Tresko laughed as if Harry had told him a joke. And Harry, who had no desire to spend any longer

than necessary in the bedsit, got straight to the point.

‘So why is poker just about being able to see when your opponent is lying?’

Tresko didn’t seem to mind skipping the social niceties.

‘People think poker’s about statistics, odds and probability. But if you play at the highest level all

the players know the odds off by heart, so that’s not where the battle takes place. What separates the

best from the rest is their ability to read others. Before I went to Vegas I knew I was going to be up

against the best. And I could see the best playing on the Gamblers’ Channel which I received on

satellite TV. I recorded it and studied every single one of the guys when they were bluffing. Ran it

in slow motion, logged what went on in their faces down to the tiniest detail, what they said and did,

every repeated action. And after I’d worked at it for long enough there was always something, some

recurrent mannerism. One scratched his right nostril; another stroked the back of the cards. Leaving

Norway, I was sure I was going to win. Sadly it turned out I had even more telltale tics.’

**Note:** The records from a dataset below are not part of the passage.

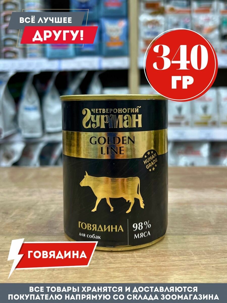 Влажный корм "Четвероногий гурман голд" консервы для собак из говядины в желе 340гр.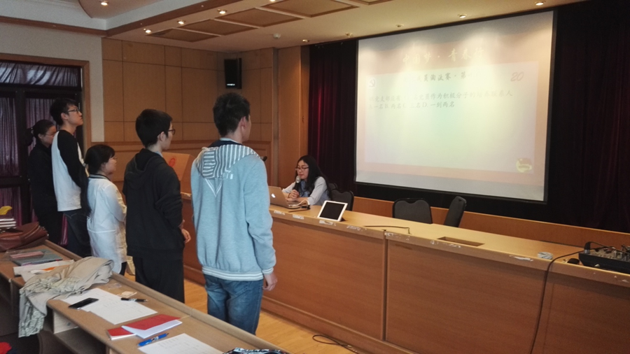 党的知识培训班共50余名学员,分5支队伍参加比赛。此次比赛共分为3轮,涉及党章、党史、中央文件、习近平总书记系列讲话等重要知识点。第一轮是团队成员淘汰赛。五支队伍分别派一名队员上场,轮流答题,在这一轮中“人民的名义队”赵广洋同学表现优秀,替“人民的名义队”首先拿到了决赛的入场券。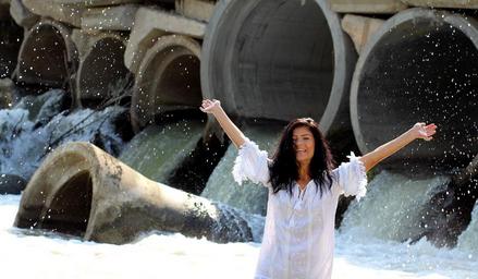 Keywords: girl cascada white shirt sensual summer waves water nature seduction beauty brunette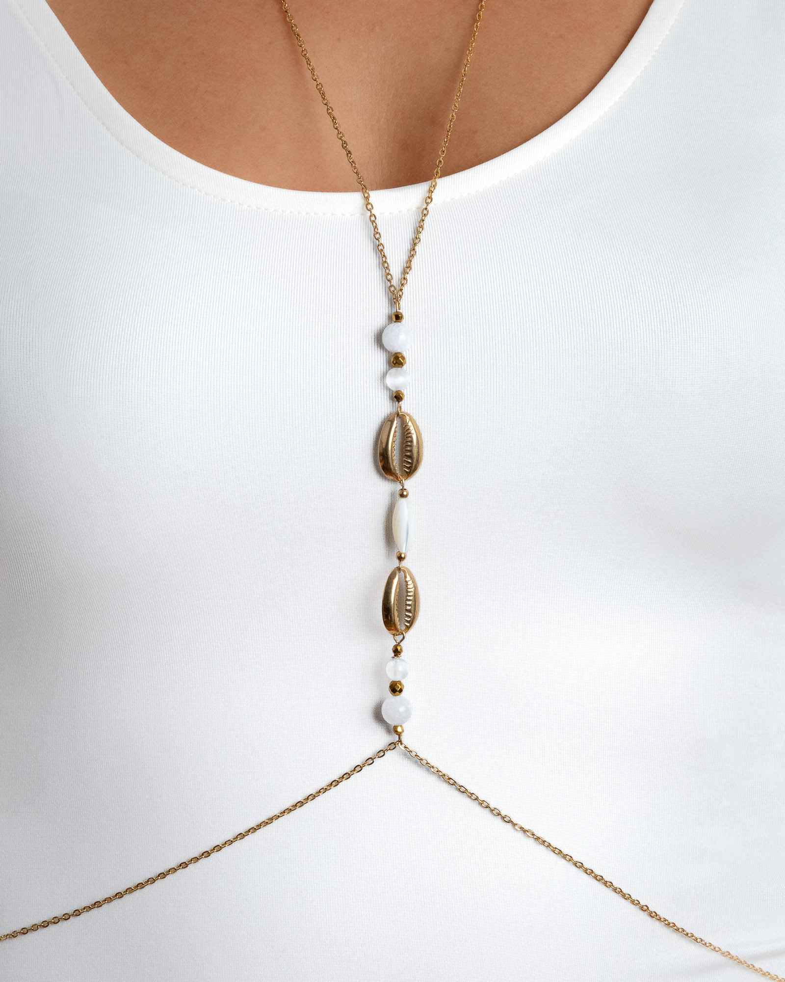Ce bijou de buste est conçu pour mettre en valeur votre silhouette avec délicatesse. Les éléments de cauris et de nacre sont disposés avec soin pour créer une harmonie visuelle unique, parfaite pour les tenues bohèmes, estivales ou élégantes.

Tresko’s grim laughter sounded more like a kind of sobbing and caused his amorphous frame to

shake.

‘So if I bring a man in for questioning, you can see whether he’s lying or not?’

Tresko shook his head. ‘It’s not that simple. First of all, I need to have a recording. Second, I must

have seen the cards so that I know when he’s been bluffing. Then I can rewind and analyse what he

does differently. It’s like when you calibrate a lie detector, isn’t it? Before you run the test, you get

the guy to say something which is obviously true, such as his name. And then something which is

obviously a lie. And afterwards you read the printout so that you have points of reference.’

‘An obvious truth,’ Harry mumbled. ‘And an obvious lie. On a film clip.’